* Exercise aim: Every line of the listing below must be printed again exactly, apart from its pictures.
Input for this task section start
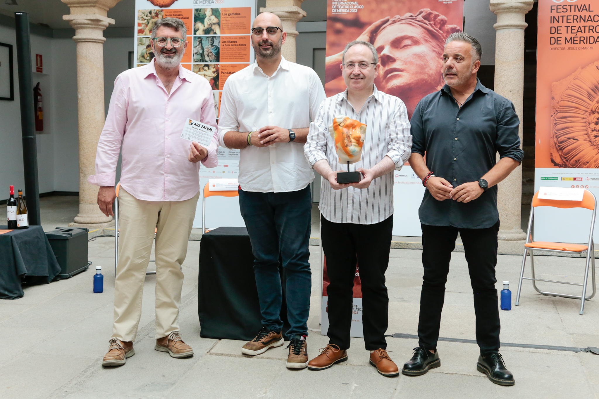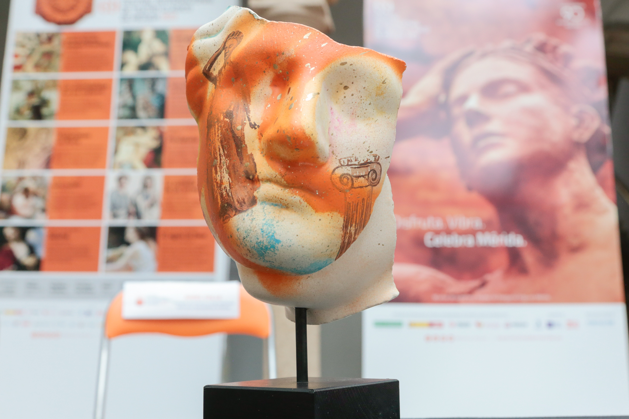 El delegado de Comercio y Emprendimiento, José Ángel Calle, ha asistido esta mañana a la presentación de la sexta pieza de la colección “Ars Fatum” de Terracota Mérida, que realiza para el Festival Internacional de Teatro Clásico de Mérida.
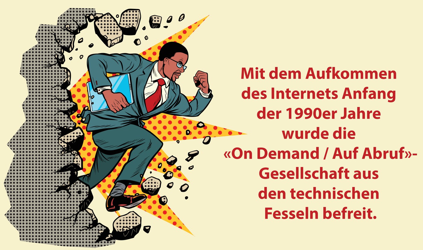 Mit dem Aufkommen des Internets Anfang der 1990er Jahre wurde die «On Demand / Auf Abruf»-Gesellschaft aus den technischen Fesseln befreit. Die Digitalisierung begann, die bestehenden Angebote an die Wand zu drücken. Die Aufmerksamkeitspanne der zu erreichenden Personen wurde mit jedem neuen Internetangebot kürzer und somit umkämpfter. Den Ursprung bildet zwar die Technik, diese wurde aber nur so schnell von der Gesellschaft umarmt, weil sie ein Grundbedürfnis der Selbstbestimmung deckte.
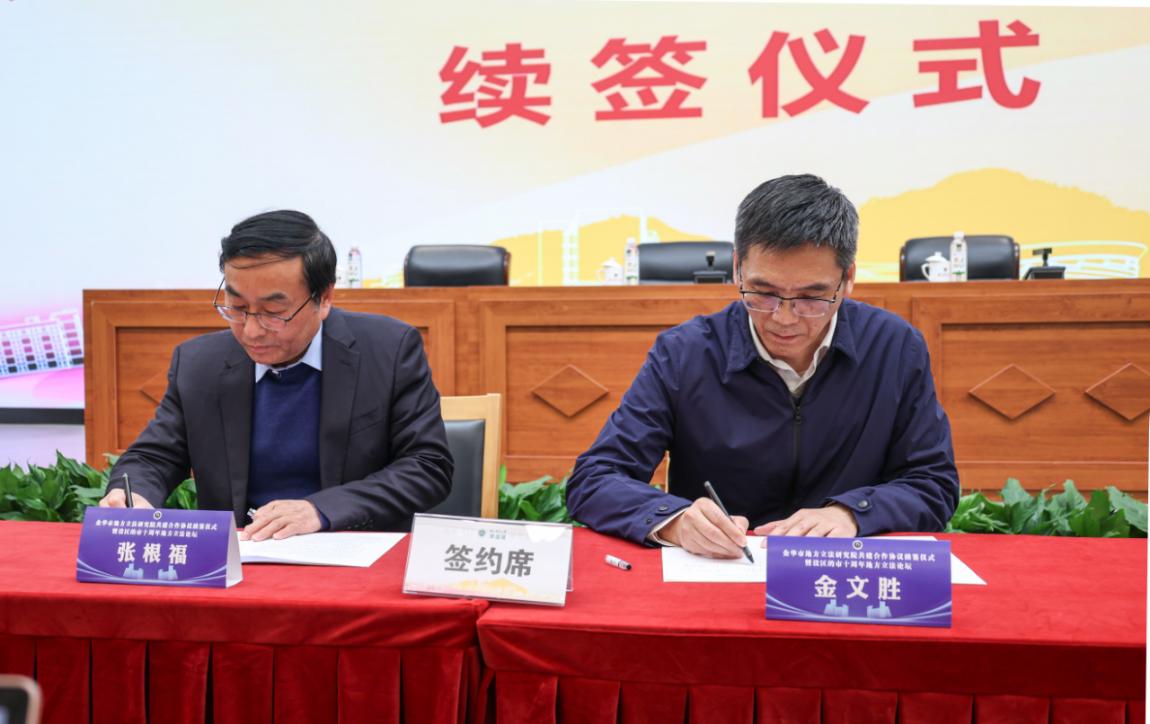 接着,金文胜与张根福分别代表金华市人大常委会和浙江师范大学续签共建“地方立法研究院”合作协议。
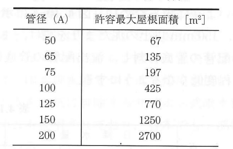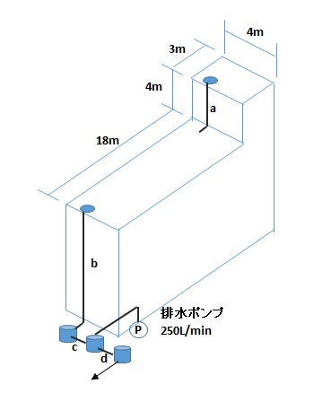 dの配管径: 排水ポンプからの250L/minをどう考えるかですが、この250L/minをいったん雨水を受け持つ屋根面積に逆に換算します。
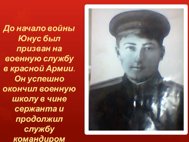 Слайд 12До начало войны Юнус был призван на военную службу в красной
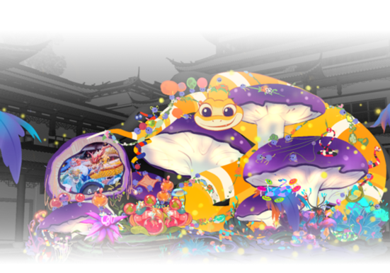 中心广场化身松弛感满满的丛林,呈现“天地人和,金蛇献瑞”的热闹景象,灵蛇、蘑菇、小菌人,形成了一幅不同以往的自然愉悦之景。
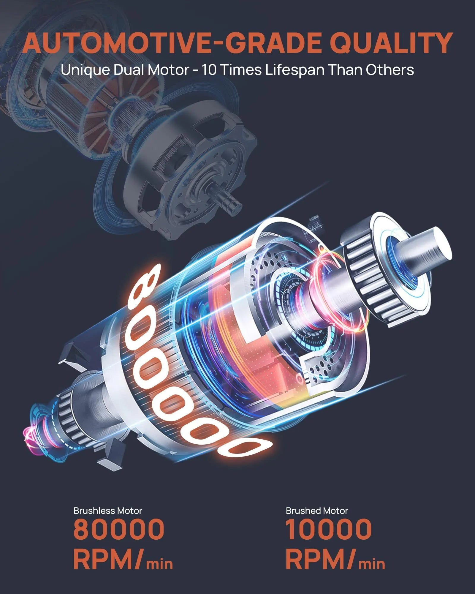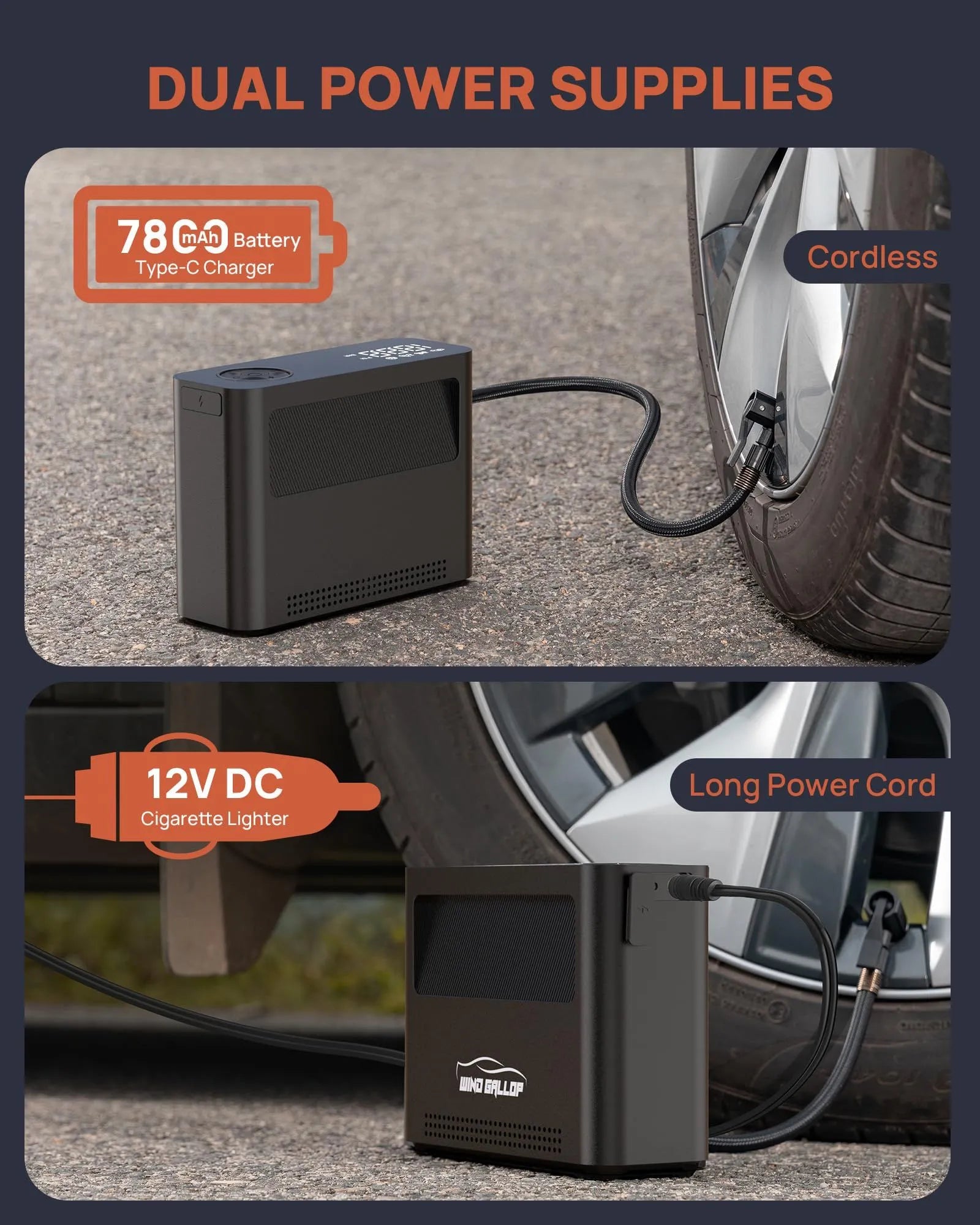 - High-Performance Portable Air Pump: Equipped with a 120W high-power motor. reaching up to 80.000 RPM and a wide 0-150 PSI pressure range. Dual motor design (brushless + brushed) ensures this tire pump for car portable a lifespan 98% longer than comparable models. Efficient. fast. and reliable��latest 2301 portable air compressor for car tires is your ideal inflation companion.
Input for this task section end
* Completed exercise:
 El delegado de Comercio y Emprendimiento, José Ángel Calle, ha asistido esta mañana a la presentación de la sexta pieza de la colección “Ars Fatum” de Terracota Mérida, que realiza para el Festival Internacional de Teatro Clásico de Mérida.
 Mit dem Aufkommen des Internets Anfang der 1990er Jahre wurde die «On Demand / Auf Abruf»-Gesellschaft aus den technischen Fesseln befreit. Die Digitalisierung begann, die bestehenden Angebote an die Wand zu drücken. Die Aufmerksamkeitspanne der zu erreichenden Personen wurde mit jedem neuen Internetangebot kürzer und somit umkämpfter. Den Ursprung bildet zwar die Technik, diese wurde aber nur so schnell von der Gesellschaft umarmt, weil sie ein Grundbedürfnis der Selbstbestimmung deckte.
 接着,金文胜与张根福分别代表金华市人大常委会和浙江师范大学续签共建“地方立法研究院”合作协议。
 dの配管径: 排水ポンプからの250L/minをどう考えるかですが、この250L/minをいったん雨水を受け持つ屋根面積に逆に換算します。
 Слайд 12До начало войны Юнус был призван на военную службу в красной
 中心广场化身松弛感满满的丛林,呈现“天地人和,金蛇献瑞”的热闹景象,灵蛇、蘑菇、小菌人,形成了一幅不同以往的自然愉悦之景。
 - High-Performance Portable Air Pump: Equipped with a 120W high-power motor. reaching up to 80.000 RPM and a wide 0-150 PSI pressure range. Dual motor design (brushless + brushed) ensures this tire pump for car portable a lifespan 98% longer than comparable models. Efficient. fast. and reliable��latest 2301 portable air compressor for car tires is your ideal inflation companion.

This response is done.